To solve for V, rearrange the equation to V = (nRT) / P.
(a) To find the volume occupied by 1.05 × 10^23 molecules of CH4 at STP, we need to convert the number of molecules to moles. One mole of any substance contains 6.022 × 10^23 particles (Avogadro's number). Therefore, we can calculate the number of moles using the formula:
Number of moles = (Number of molecules) / (Avogadro's number)
Plugging in the values, we get:
Number of moles = (1.05 × 10^23) / (6.022 × 10^23) ≈ 0.174
Now, we can use the ideal gas law equation to find the volume:
V = (nRT) / P
V = (0.174 * 0.0821 * 273.15) / 1
V ≈ 4.33 L
Therefore, 1.05 × 10^23 molecules of CH4 will occupy approximately 4.33 liters at STP.
(b) To calculate the volume occupied by 1.8 moles of CH4 at STP, we can directly substitute the value of n into the ideal gas law equation:
V = (nRT) / P
V = (1.8 * 0.0821 * 273.15) / 1
V ≈ 41.2 L
Therefore, 1.8 moles of CH4 will occupy approximately 41.2 liters at STP.

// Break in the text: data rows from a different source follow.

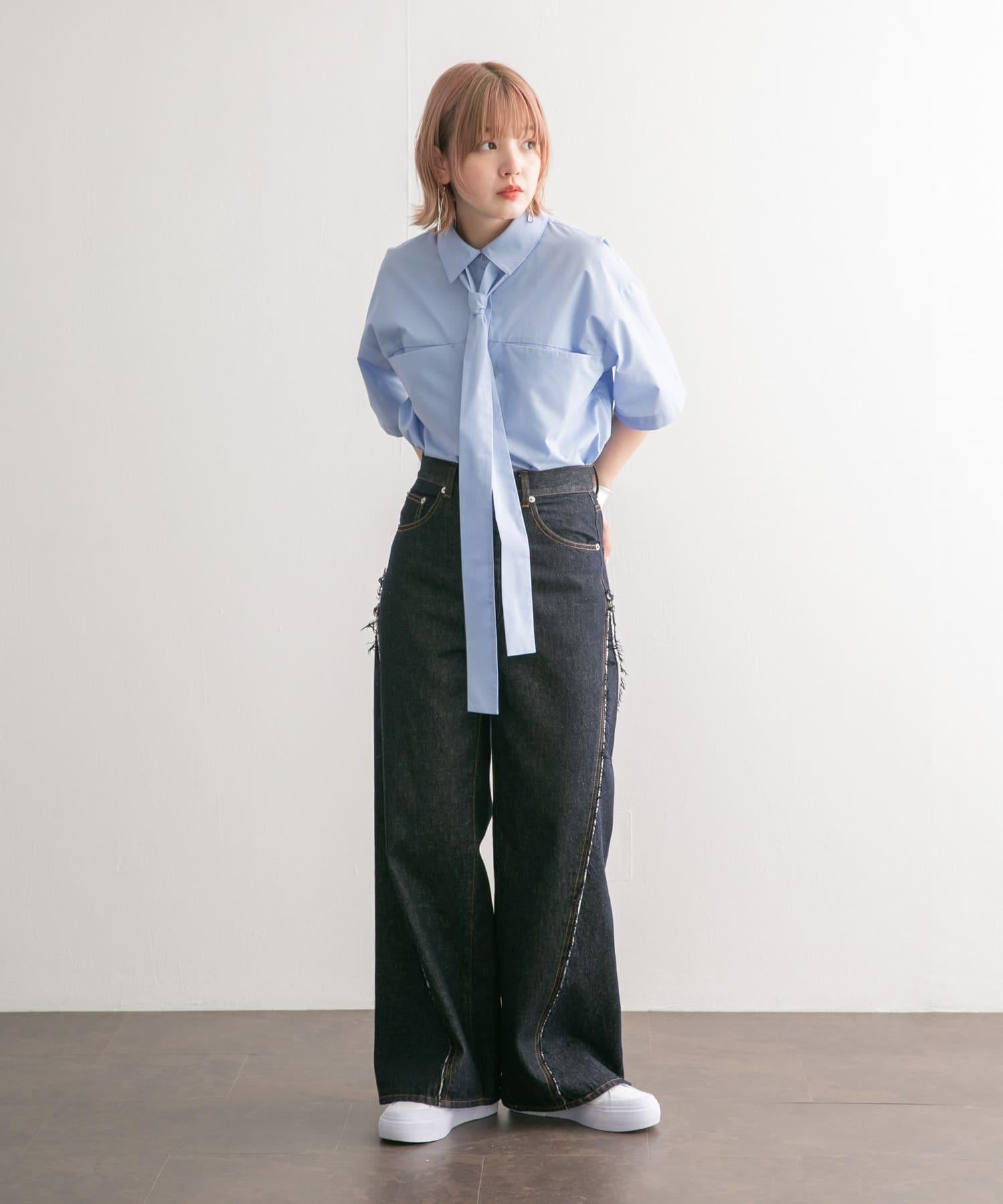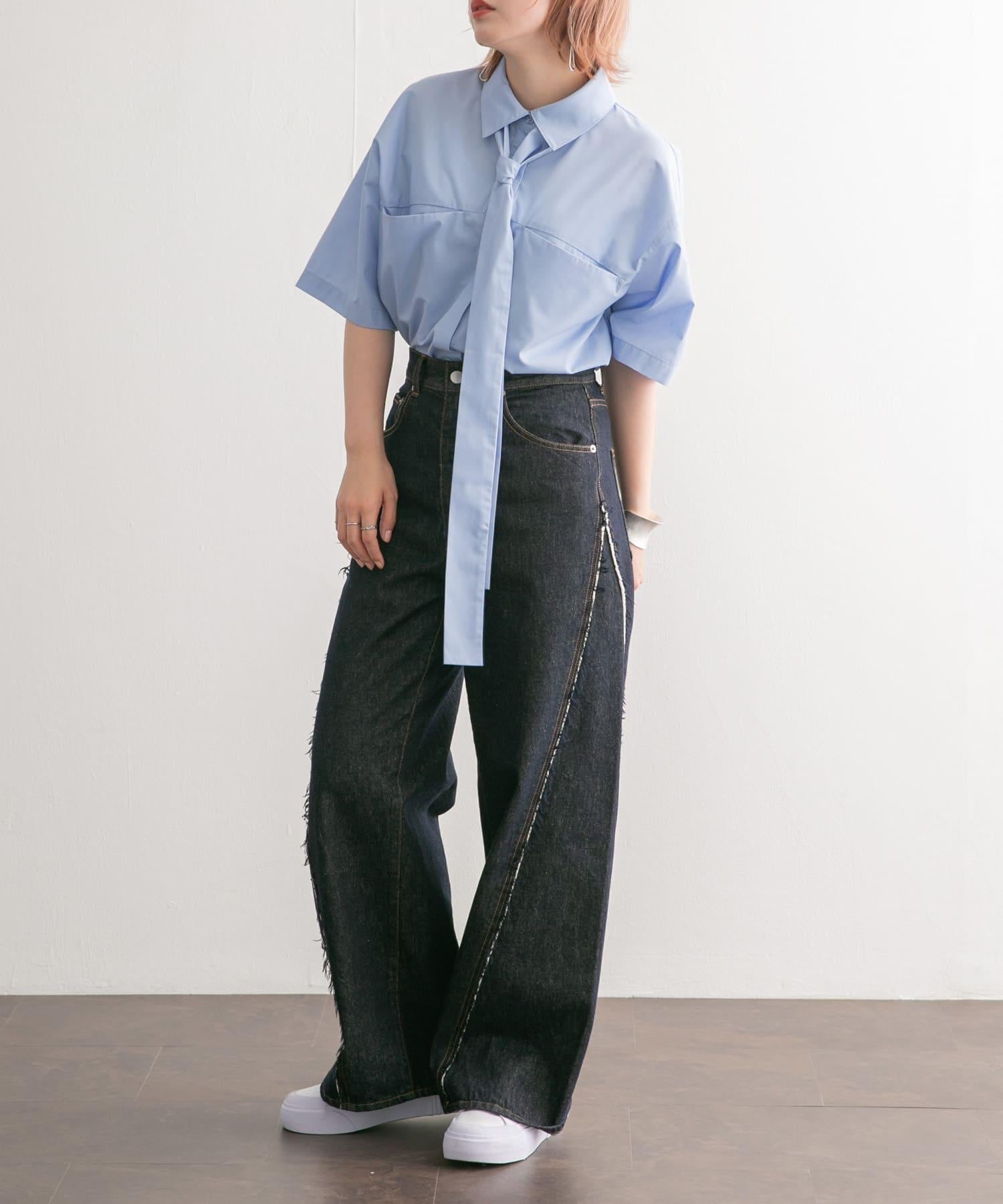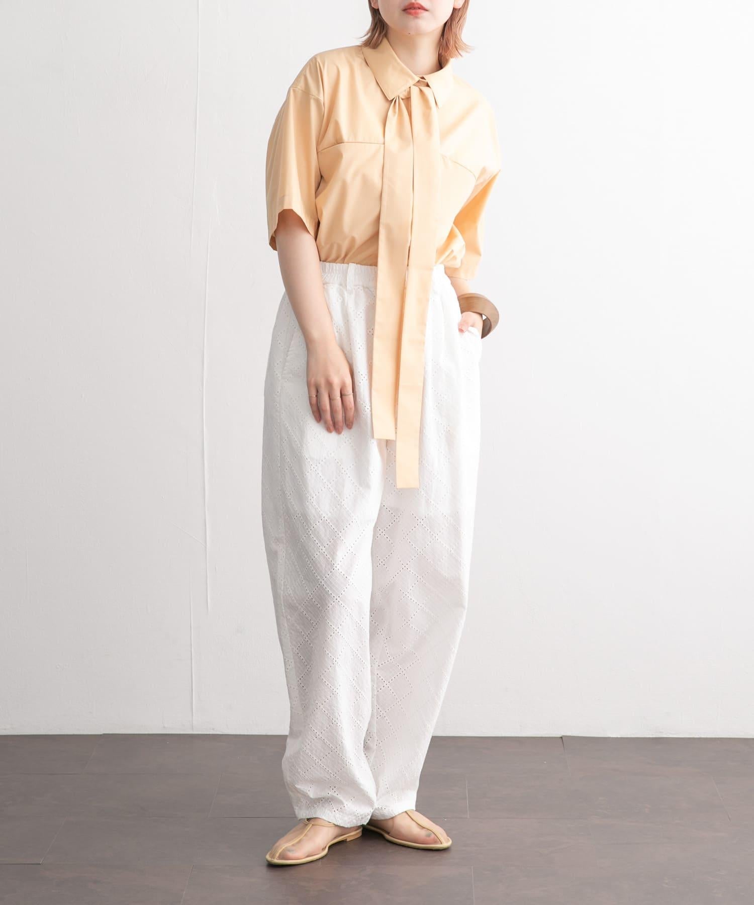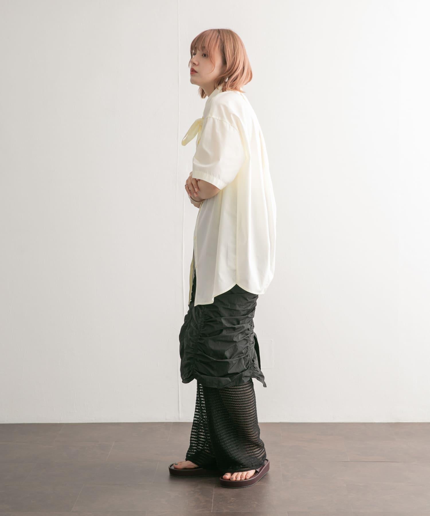 這款帶領帶的襯衫可以系領帶、打絲帶結或以各種款式穿著。休閒的繭形輪廓和大口袋設計別具一格。尺寸的選擇也很重要,因為它不會過多地挑起身體的線條。從男性化到女性化的各種風格均可穿著。
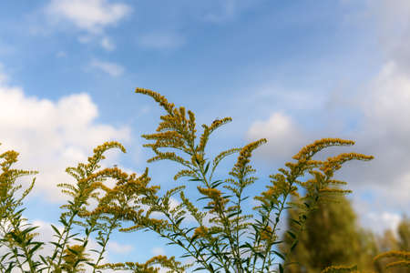 goldenrod flower in a meadow closeup against the sky
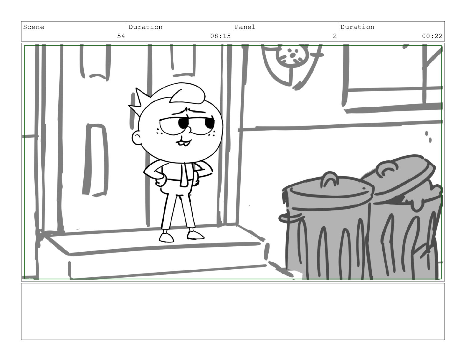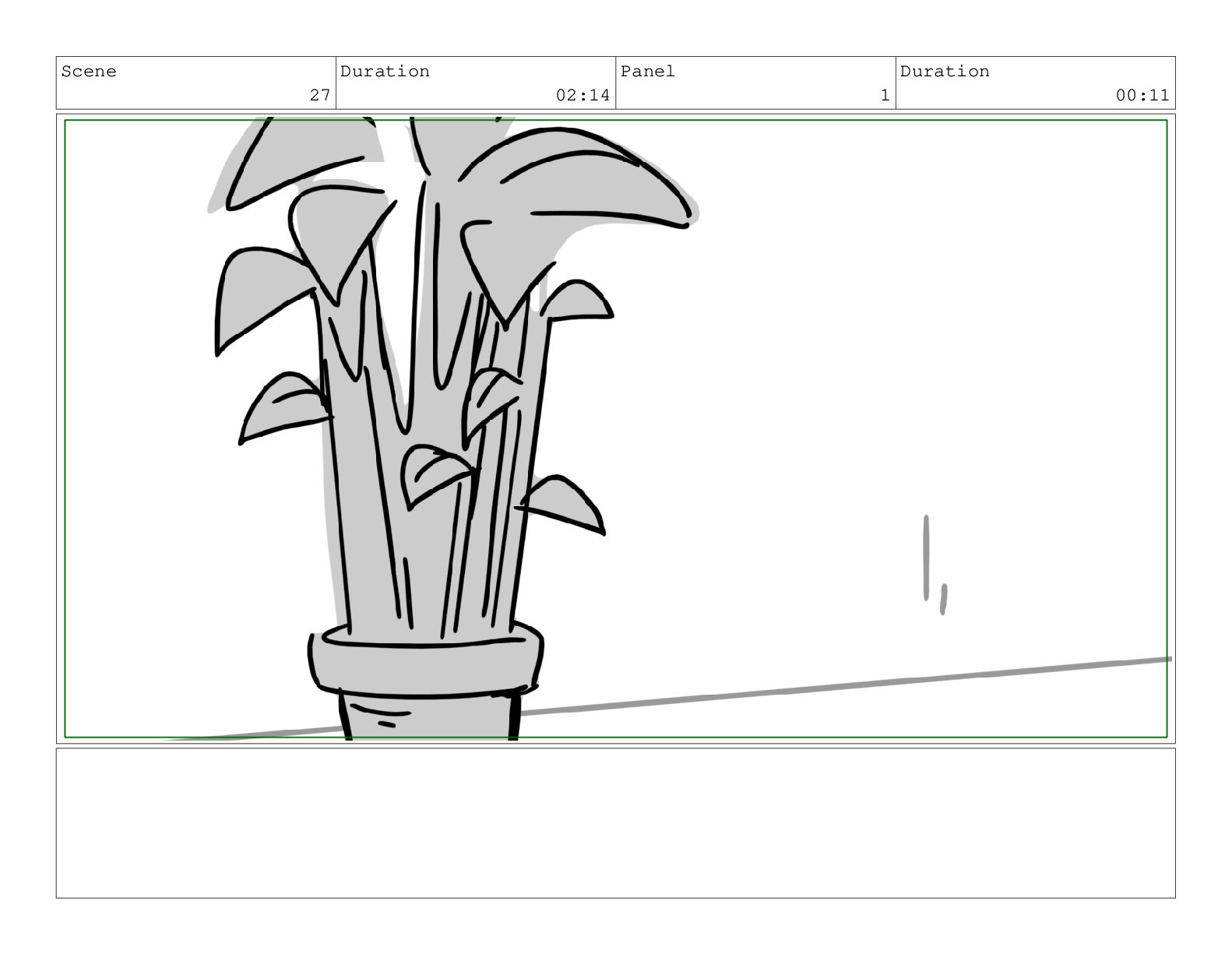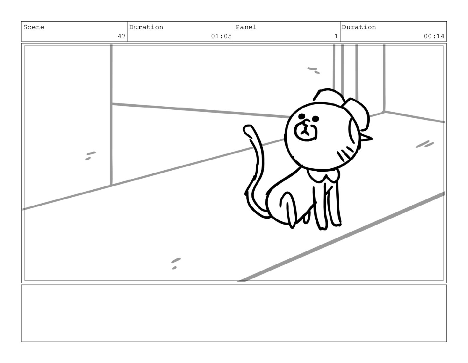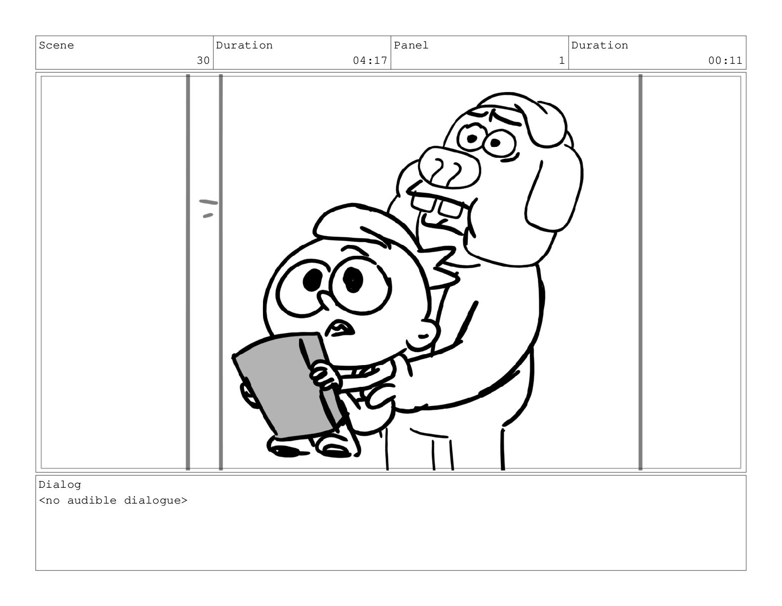 Scene 60 Duration 13:23 Panel 1 Duration 01:11 Action Notes

(c) To calculate the volume occupied by 33.3 grams of argon at STP, we first need to convert the mass of argon to moles using its molar mass. The molar mass of argon is approximately 39.95 g/mol.
Number of moles = (Mass of argon) / (Molar mass of argon)
Number of moles = 33.3 g / 39.95 g/mol ≈ 0.834
Now, we can use the ideal gas law equation to find the volume:
V = (nRT) / P
V = (0.834 * 0.0821 * 273.15) / 1
V ≈ 17.2 L
Therefore, 33.3 grams of argon will occupy approximately 17.2 liters at STP.